We really need a second laptop.

Since we got a house, it's become more difficult for Richard and I to sit together doing different stuff. Quite a big part of our relationship has been sitting in the same room each working or playing on our separate stuff, yet somehow being together - the two of us sitting at separate computers doing separate work but knowing either of us can read out a line from an irc window or web site, and the other one will get it. (As I mentioned) I've been playing a lot of games lately, so now that we have wireless networking, he's started using the laptop to read web forums & do code on, bringing it to whatever room I'm sitting in. Which is working a lot better than it ever did with the old wired card - he's getting quite used to the laptop and has mostly set up his profile the way he likes it. He doesn't even mind leaving me logged in if I want windows left open.

The problem with this is that if he's using the laptop, I can't also use it. And I'm fairly dependent on it as a computer, because CRT monitors give me a headache after a few minutes (and even the laptop gives me a headache if I look at it too long). At least it doesn't flicker much, and I can make the text really tiny so it doesn't strain my eyes [*]. So if he's coding in the evening, I don't get to do lj.

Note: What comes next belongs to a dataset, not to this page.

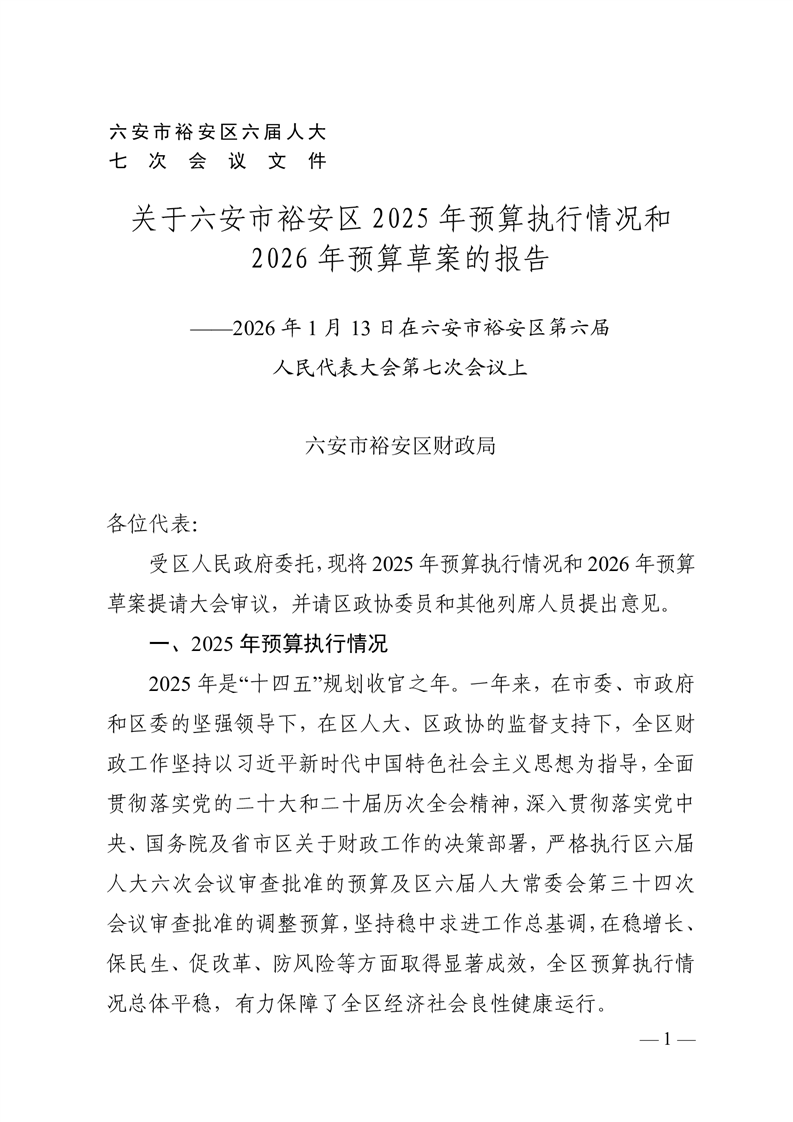 | 名 称: | 关于六安市裕安区2025年预算执行情况和2026年预算草案的报告 | ||

And then I feel all lost and lonely, and think I have no people in my life and no one loves me, etc etc etc.

Hrm.

A solution that doesn't involve spending lots of money we don't really have... hrm... I'm sure we'll think of something.

Did I mention recently how wonderful Richard is? It is 2 o'clock in the morning, and he has brought me pasta, because I needed some :)

[*] unlike most geeks, I am long sighted.